面白い特許:これで洪水の被害を緩和できる!
特許第6501961号「耐洪水塀を備えた耐水害建物およびリノベーション工法」
<特許公報の図1>
これで洪水の被害を緩和できる!
<ざっくり解説>
この発明は、洪水、高潮などの災害時に建物および居住者を水害からまもりつつ、建物内での長期の避難生活を可能とする耐洪水塀を備えた耐水害建物およびそのリノベーション工法に関するものです。
主な適用対象としては、集合住宅、ホテル、オフィスビル、病院建築物などです。
この請求項1は、
「建物としての集合住宅、ホテル、オフィスビル、または病院建築物の周囲に、該建物と間隔をおいて、
常時の出入口としての開口部を除く建物のほぼ全周を取り巻く形で水密性を有する耐洪水塀が構築されており、
前記耐洪水塀は3m以上、かつ想定浸水深以上の高さを有し、3m以上、かつ想定浸水深以上の水圧に抵抗可能な耐力を有する塀であり、
前記開口部には浸水時に該開口部を水密に閉塞する開口部閉塞手段が設けられていることを特徴とする耐洪水塀を備えた耐水害建物。」
です。
図1は、本発明の耐洪水塀を備えた耐水害建物の一実施形態を概念的に示した図です。
建物1の周囲の敷地内に、建物1のほぼ全周を取り囲む形で耐洪水塀2を構築し、玄関につながる部分、その他常時の出入口となる部分にはその開口部を水密に閉塞する開口部閉塞手段を設けています。
洪水や高潮による浸水の恐れが生じたときには、閉塞手段により開口部を閉塞することで耐洪水塀2の内側に隔離された平穏な空間3が形成できるようにしています。
そして、耐洪水塀2は水密性を有し、かつ洪水や高潮が発生した際の動水圧、静水圧に十分に抵抗できる構造、耐力を有するものとしています。

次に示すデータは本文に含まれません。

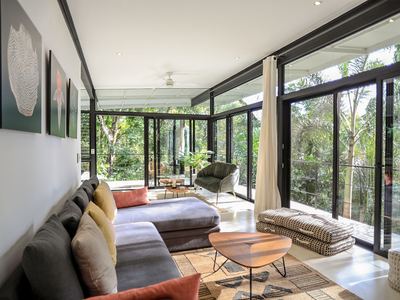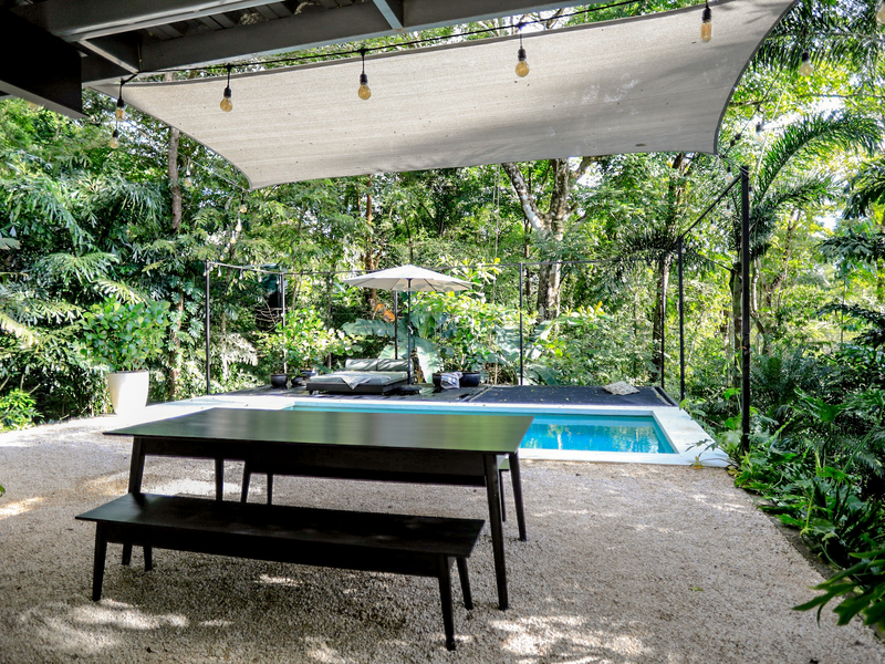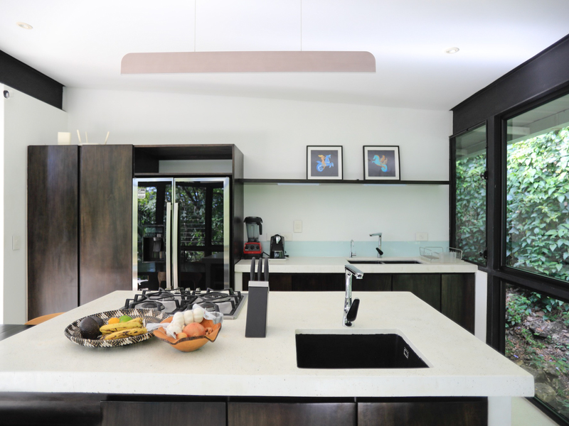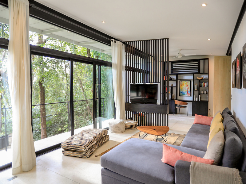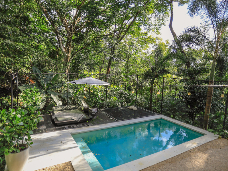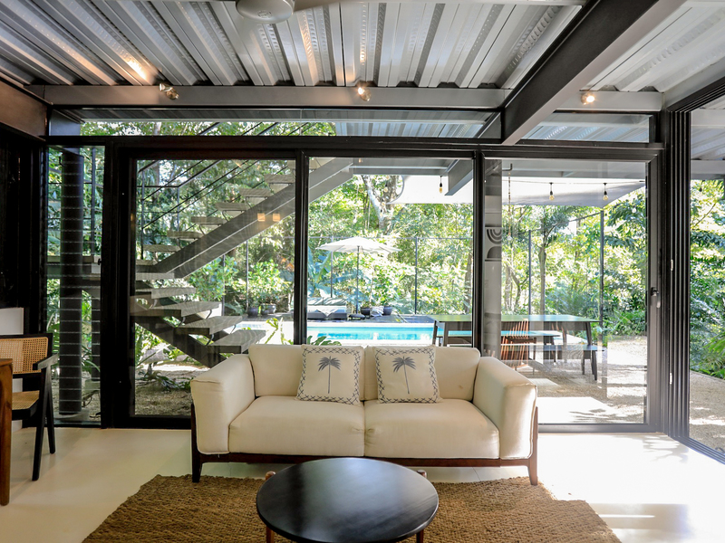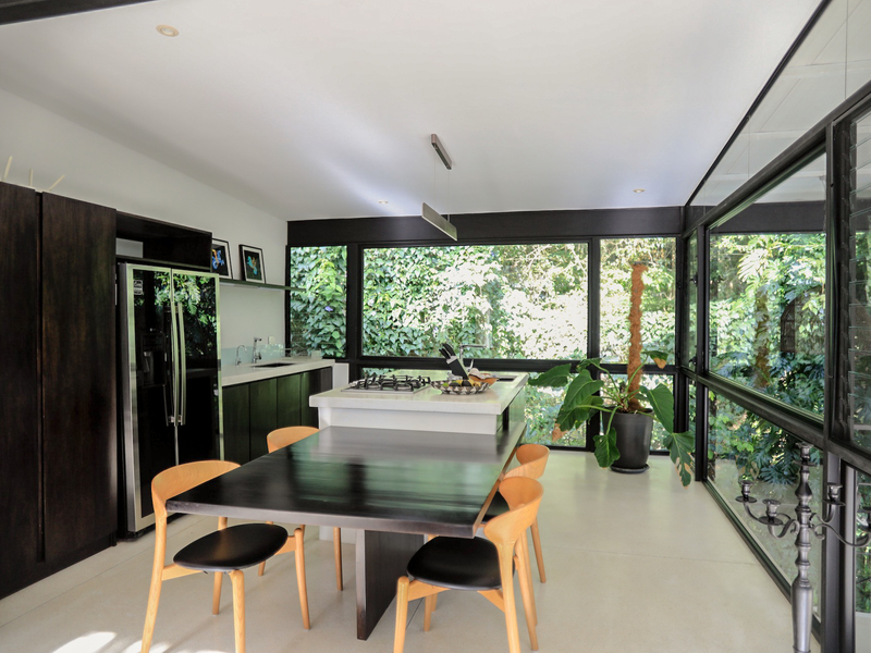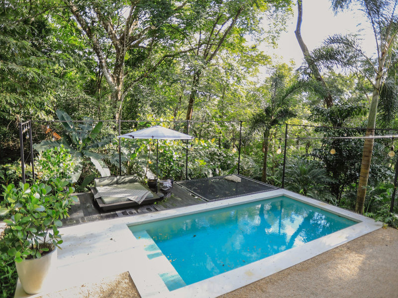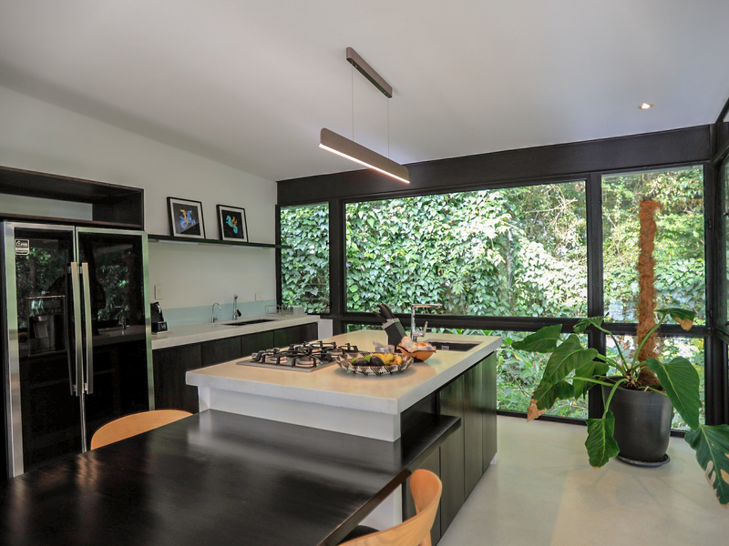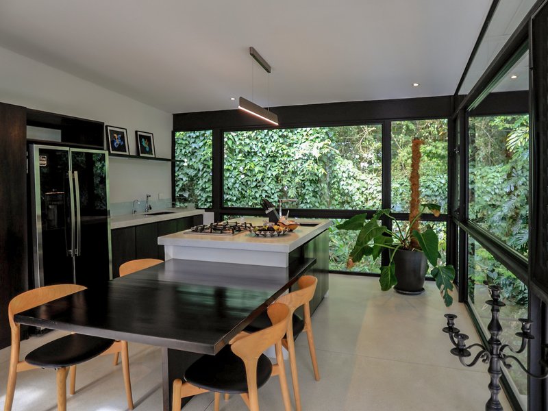 This beautifully designed two-bedroom house is located in a quiet residential area above Playa Hermosa and is surrounded by lush forest. Upon entering the electric gate of the property, there is a short driveway that leads to the covered parking area, which has sufficient room for one car and one quad. The gorgeous and meticulously landscaped gardens immediately give you the sense of being in a tropical oasis. A short flight of stairs takes you from the parking to the house. On the lower floor of the house is the guest apartment, which includes one bedroom, one open bathroom and a kitchenette with an open-plan living area. The floor to ceiling glass doors provide for beautiful natural light throughout. The main part of the house is located on the second floor, where you have the sensation of floating in the canopy of the trees. Again, the floor to ceiling glass doors and windows allow for beautiful natural lighting and views of the verdant forest. Here there is a large fully-equipped kitchen with a beautiful kitchen island and a dining table for four. From the living area you can relax and enjoy the views of the canopy. There is an adjoining office space for those that work remotely from home. The master bedroom also enjoys views of lush green and has a gorgeous ensuite bathroom. Outside there is a pool and deck area, with a house net - the perfect spot for relaxing, reading and entertaining. The total size of the lot is 5,000m2. The property has a registered well that provides water throughout the year. There is a high-speed fiber-optic internet connection, which makes this a great option for remote workers. From the property you are a ten-minute drive down to the white-sand surfing beach of Playa Hermosa.

さらに、周囲が高い浸水深で浸水した場合の長期にわたる避難生活を可能とするため、建物1の屋上などに非常用の受水槽4と非常用発電機5を設置し、敷地内の地下に非常用の汚水槽6を設置しています。
この明細書には、台風などによる高潮や洪水による被害を問題視しており、東京都の場合であれば、江東区、葛飾区、江戸川区、足立区、荒川区、墨田区などは3~5mの親水が予想されることをふまえて、この発明がなされたことが記載されています。令和の台風などの水害が深刻なものであったことに鑑みると、先見の明があったのかもしれませんね!
この発明についてもっと詳しいことが知りたい方は、この特許公報を参照してみてください。